#!/usr/bin/env python
# coding: utf-8
# #
Model Interpretability on Random Forest using LIME
# ## Table of Contents
#
# 1. [Problem Statement](#section1)
# 2. [Importing Packages](#section2)
# 3. [Loading Data](#section3)
# - 3.1 [Description of the Dataset](#section301)
# 4. [Data train/test split](#section4)
# 5. [Random Forest Model](#section5)
# - 5.1 [Random Forest in scikit-learn](#section501)
# - 5.2 [Feature Importances](#section502)
# - 5.3 [Using the Model for Prediction](#section503)
# 6. [Model Evaluation](#section6)
# - 6.1 [R-Squared Value](#section601)
# 7. [Model Interpretability using LIME](#section7)
# - 7.1 [Setup LIME Algorithm](#section701)
# - 7.2 [Explore Key Features in Instance-by-Instance Predictions](#section702)
#
# ## 1. Problem Statement
#
# - We have often found that **Machine Learning (ML)** algorithms capable of capturing **structural non-linearities** in training data - models that are sometimes referred to as **'black box' (e.g. Random Forests, Deep Neural Networks, etc.)** - perform far **better at prediction** than their **linear counterparts (e.g. Generalised Linear Models)**.
#
#
# - They are, however, much **harder to interpret** - in fact, quite often it is **not possible to gain any insight into why a particular prediction has been produced**, when given an **instance of input data (i.e. the model features)**.
#
#
# - Consequently, it has **not been possible to use 'black box' ML algorithms** in situations where clients have sought **cause-and-effect explanations for model predictions**, with end-results being that sub-optimal predictive models have been used in their place, as their explanatory power has been more valuable, in relative terms.
#
#
# - The **problem with model explainability** is that it’s **very hard to define a model’s decision boundary in human understandable manner**.
#
#
# - **LIME** is a **python library** which tries to **solve for model interpretability by producing locally faithful explanations**.
#
#
#
#
#
# - We will use **LIME** to **interpret** our **RandomForest model**.
# ---
#
# ## 2. Importing Packages
# In[ ]:
# Install LIME using the following command.

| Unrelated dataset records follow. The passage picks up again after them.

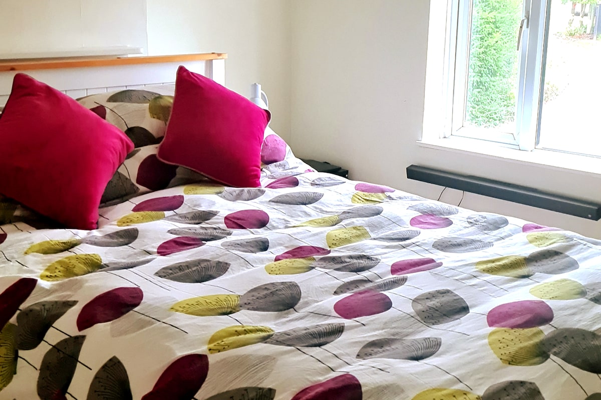 Jest to samodzielny aneks nad podwójnym garażem (należy pamiętać o niskich kątach dachu w miejscach) z niezależnymi drzwiami. Posiada jedno duże łóżko z miejscami do siedzenia oraz telewizor i stół do jadalni. Do dyspozycji gości jest mały aneks kuchenny z kuchenką mikrofalową, lodówką, czajnikiem i tosterem. Łazienka z prysznicem elektrycznym i zwykłymi udogodnieniami. Dostępny jest internet. Jeśli chcesz zabrać ze sobą dziecko, skontaktuj się z nami przed sprawdzeniem, czy jest ono odpowiednie. Parking znajduje się przy głównej drodze lub naprzeciwko w pobliżu.
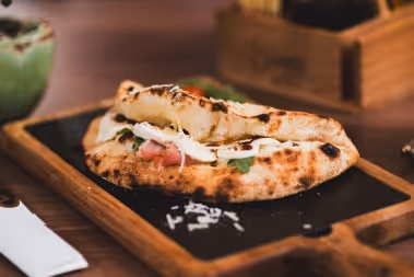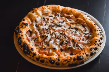 Pelat, mozzarela, dimljeni sir, govedja pršuta, vrganj
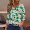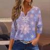 Жен. Футболка Футболка С принтом Пуговицы Рукав 3/4 Повседневные Выходные Мода Классический V-образный вырез Обычный Топ
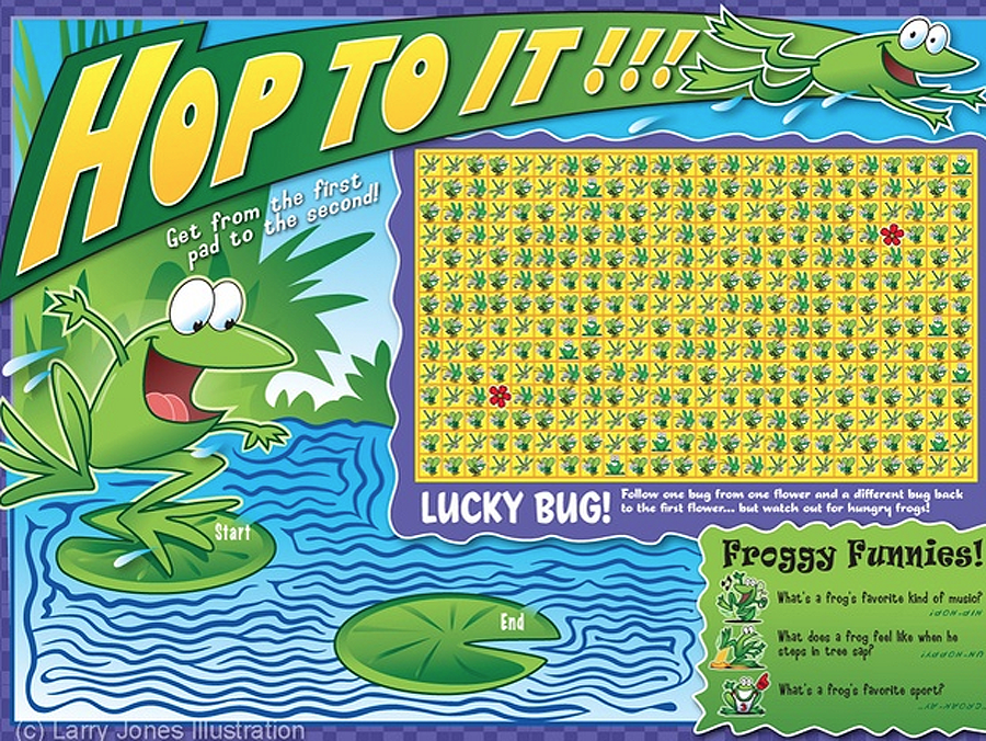 Frog Maze Illustration Digital illustration of frog maze – Hop To It! for Highlights Magazine. Art by Larry Jones.
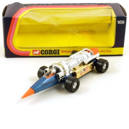 This is a model of a car built by Arnold Sundquist of Sweden, powered by a Starfighter jet engine. Metallic blue, with orange nose cone and exhaust nozzle, silver plated engine and gold plated fuel tanks. Clear cockpit canopy and driver with white helmet and orange overalls. 'Firestone' labels on the cockpit sides, and sponsor labels on the fuel tanks, one side featuring US and Swedish flags. Wide Whizzwheels with silver centres.
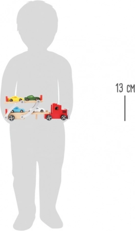 Pozor, nakladá sa! Tento robustný drevený kamión s autami od značky small foot prepraví až štyri športové autíčka naraz. Má pohyblivú hornú plošinu na ľahké nakladanie a vykladanie, bezpečnostnú závoru proti cúvnutiu a odolné prevedenie z kvalitného dreva a kovu – ideálne pre malých fanúšikov áut a každú detskú autodráhu.
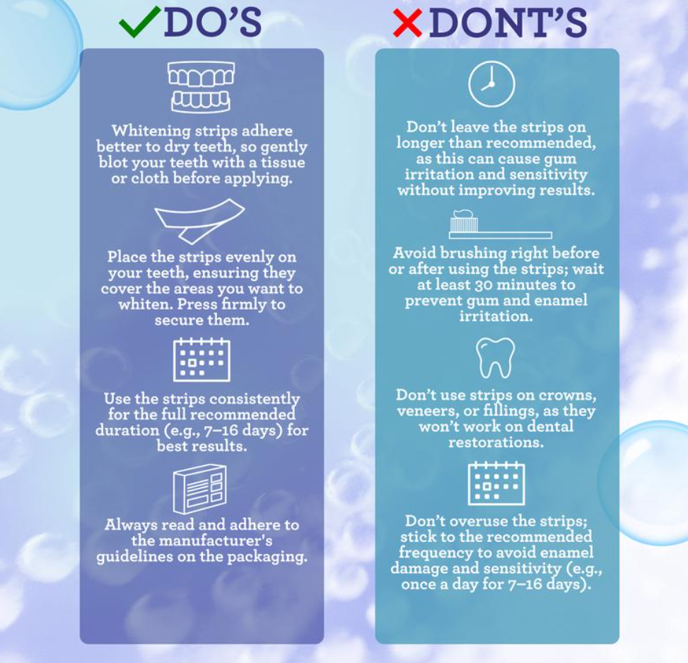 7. Avoid eating or drinking (except water) while wearing the strips.
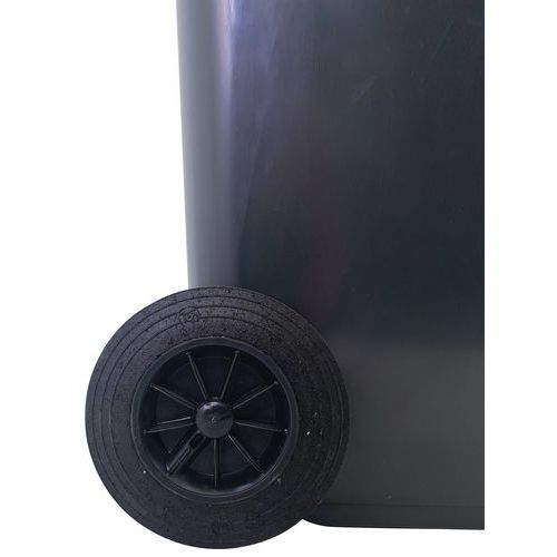 Contenedor resistente a los rayos UV. Desplazamiento sencillo del contenedor gracias a 2 ruedas sólidas. Mantenimiento fácil del contenedor gracias a su superficie de plástico lisa. Tapa de colores diferentes para facilitar la separación de residuos. El contenedor está destinado a un uso en exterior

get_ipython().system('pip install lime')
# In[2]:
import numpy as np
np.set_printoptions(precision=4) # To display values only upto four decimal places.
import pandas as pd
pd.set_option('mode.chained_assignment', None) # To suppress pandas warnings.
pd.set_option('display.max_colwidth', -1) # To display all the data in the columns.
pd.options.display.max_columns = 40 # To display all the columns. (Set the value to a high number)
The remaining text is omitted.